Stalin’s daughter dies at 85, ‘a prisoner of her father’s name’
THE ONLY daughter of the brutal Soviet tyrant Josef Stalin has died at 85 from colon cancer after spending her final years in near-poverty in the United States. “You can’t regret your fate,” she once said, “although I do regret my mother didn’t marry a carpenter.”
Brought up by a nanny, Svetlana Stalina was at first protected from her father’s cruelty. He called her “little sparrow” and, as the New York Times reports, kissed and cuddled her, showered her with gifts and entertained her with American movies.
Her mother, Nadezhda Alliluyeva, died in 1932 when Svetlana was only six, having committed suicide following years of abuse by Stalin. Her brother Jacob died in a WW2 Nazi concentration camp when Stalin refused to exchange him for a German general.
When Svetlana first fell in love, she got a taste of her father’s wrath. She was only 16 and the Aleksei Kapler was a Jewish filmmaker 24 years her senior. Her father sent him to Siberia for a decade.
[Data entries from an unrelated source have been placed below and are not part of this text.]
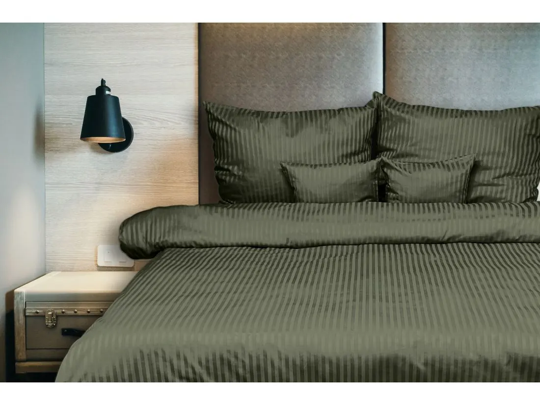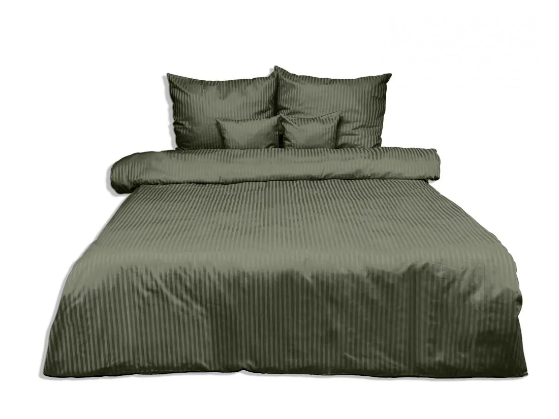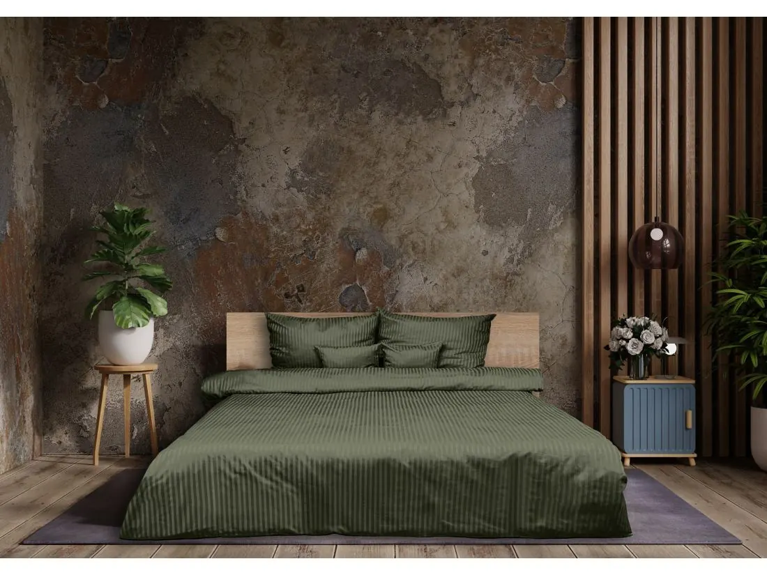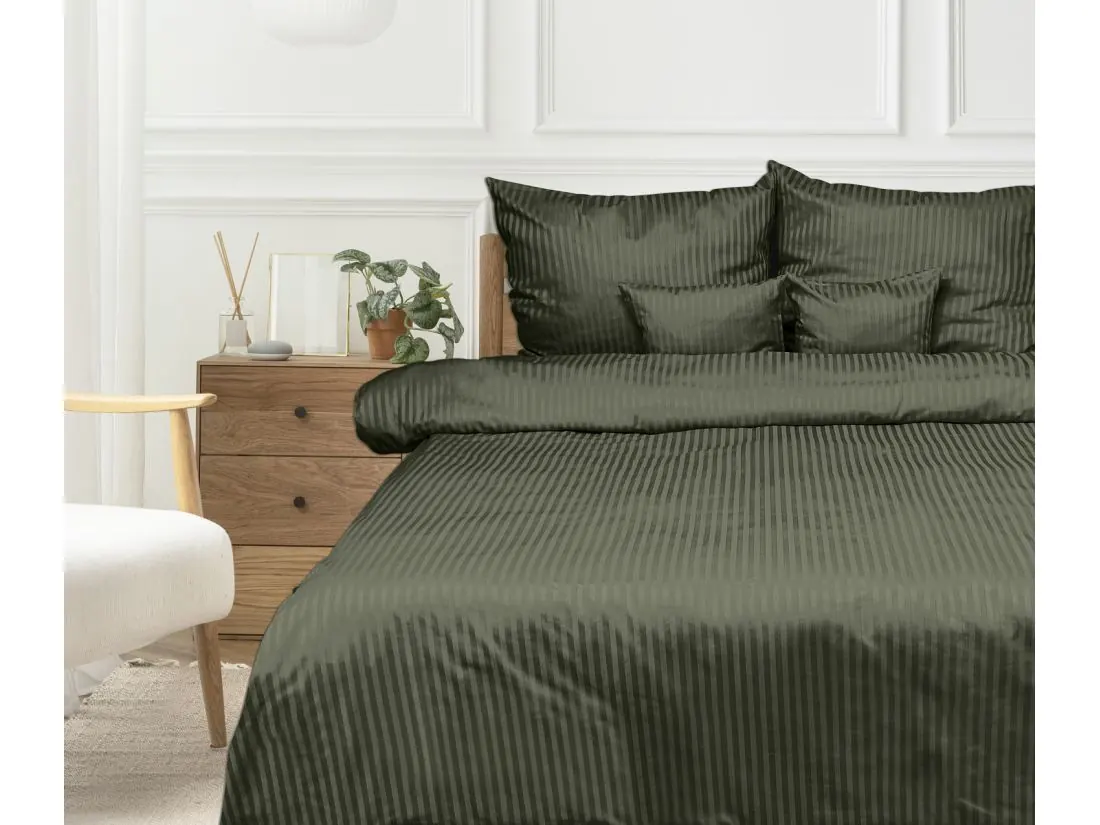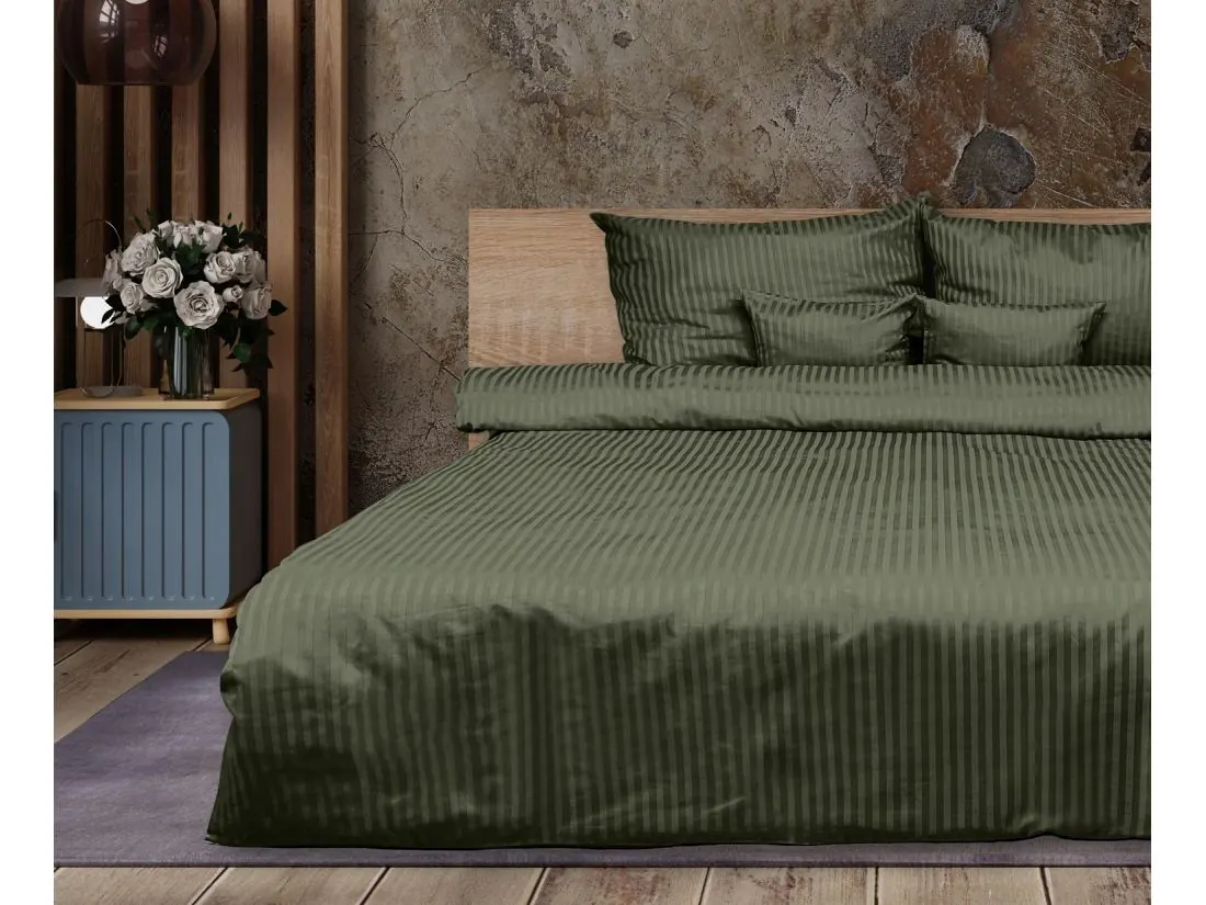 Pościel 160x200 +2/70x80 adamaszkowa ciemnozielona pasek 1 cm matex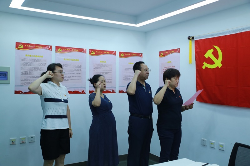 本次活动由基金会党支部书记、秘书长薛敬洁同志主持。薛敬洁、国雷霆、王明丽、孙琰琼等党员面对党旗庄重宣誓,重温入党誓词、坚守初心使命。于海洋、张明明、王可欣、谷敬涛等入党积极分子列席会议,见证党员过“政治生日”,共同庆祝中国共产党成立99周年,祝福社会主义伟大祖国更加繁荣昌盛。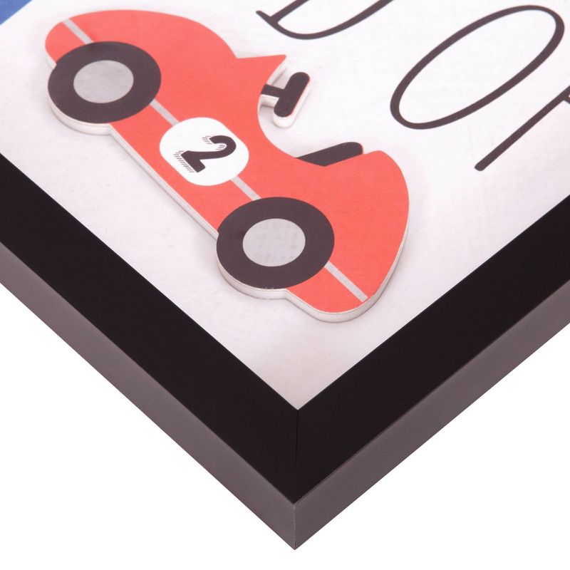 •Graphic art print features a fun and exciting typography design reading "To Fall Asleep I Count Race Cars Instead Of Sheep" and red and blue raised die-cut race cars that add depth and dimension
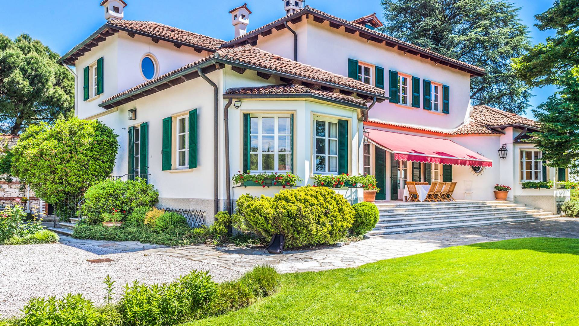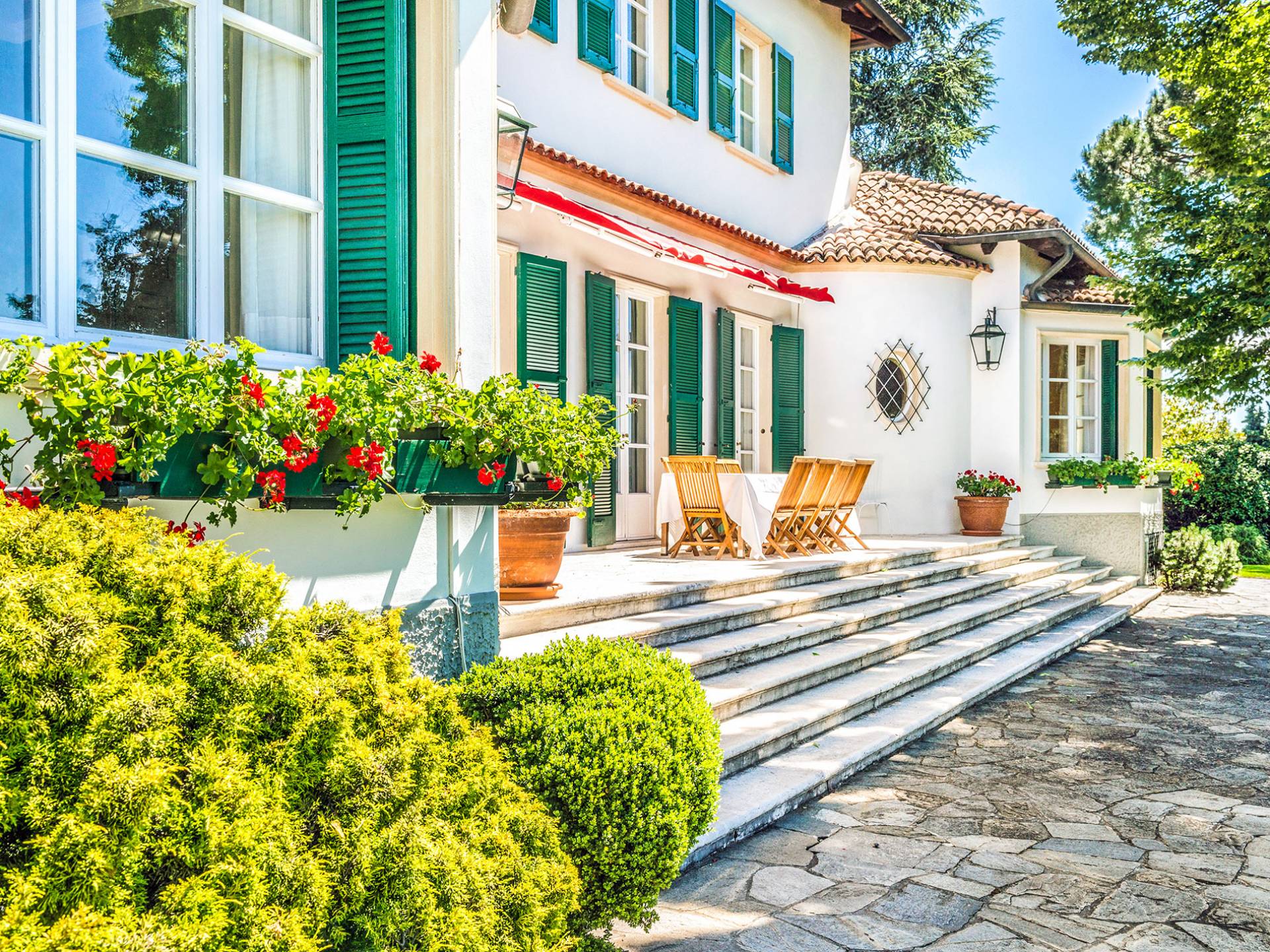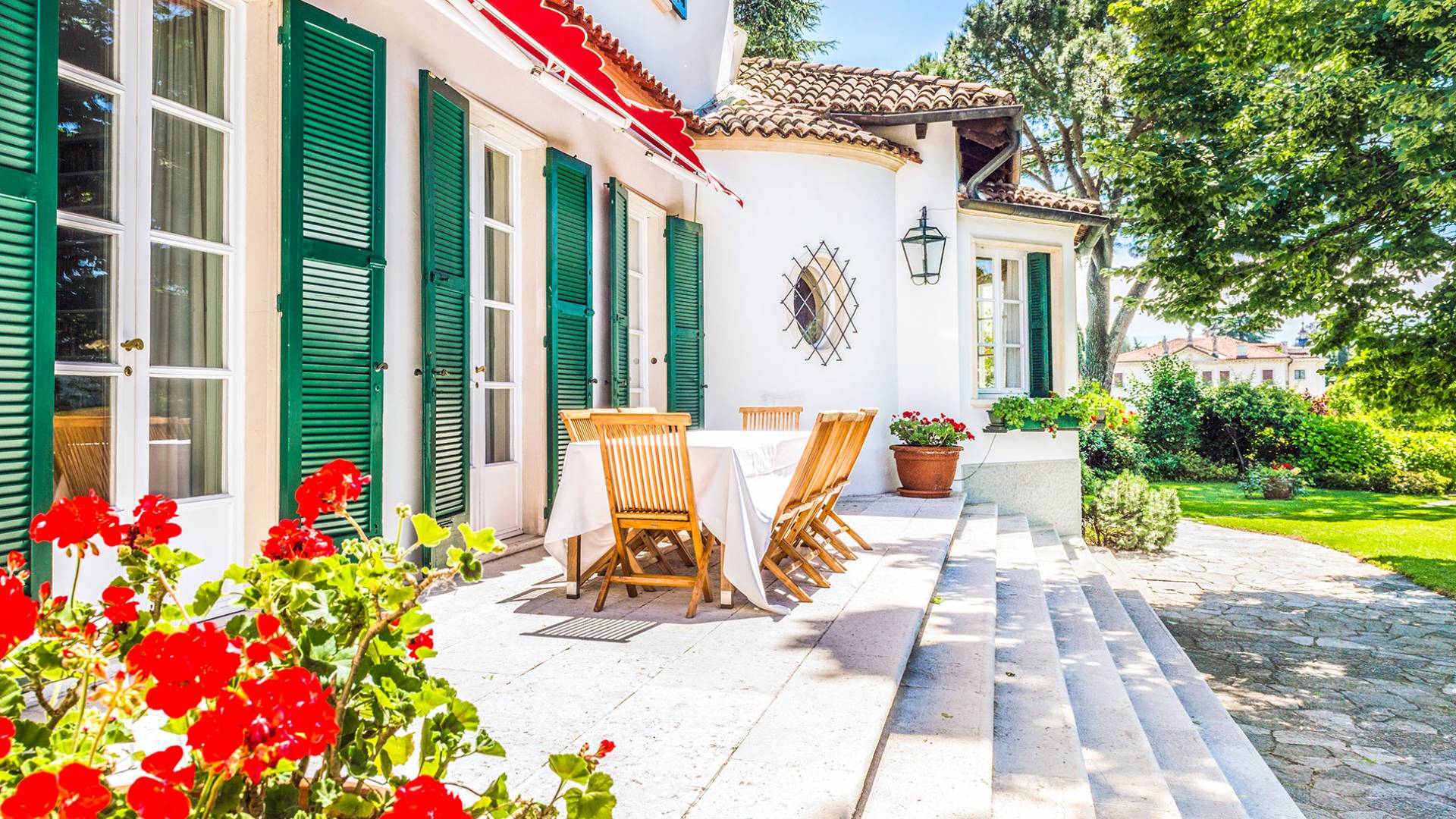 Si bien los gourmets y los entusiastas del Prosecco no creerán lo que ven al comparar la calidad de las comidas y las facturas recibidas, los viajeros que buscan historia y arquitectura no podrán encajar todo en un solo viaje y terminan reservando una segunda estadía: Veneto es , en una palabra, asombroso. Mientras que los interiores de la villa son elegantes, elegantes y se actualizan constantemente, el exterior es tranquilo y extraordinariamente panorámico: uno puede disfrutar del aura dorada de esa puesta de sol veneciana en medio de antiguos cipreses, cedros, pinos y arbustos de osmanto bellamente perfumados desde la hermosa terraza de la villa, frente a La Valeta. del Silenzio (Silence Little Valley). El agradable y amplio jardín presenta rosas, geranios y lirios. Una piscina con vista y un cuidado al aire libre completan el jardín.

Stalin was long dead (in 1953), and Svetlana had two marriages behind her, when she defected from Russia to America at the height of the Cold War while on a visit to India.
It was the biggest propaganda coup for America since Rudolf Nureyev’s defection in 1961 and within a year Svetlana had produced a memoir, Twenty Letters to a Friend, which is said to have made $2.5m. As the BBC reports, she had also publicly burned her Soviet passport, denounced communism and called her father “a moral and spiritual monster”.
She was lucky to get away with it, if former members of the KGB are to be believed. They told the Washington Times in 1992 that the agency was actively considering assassinating her at the time of her defection.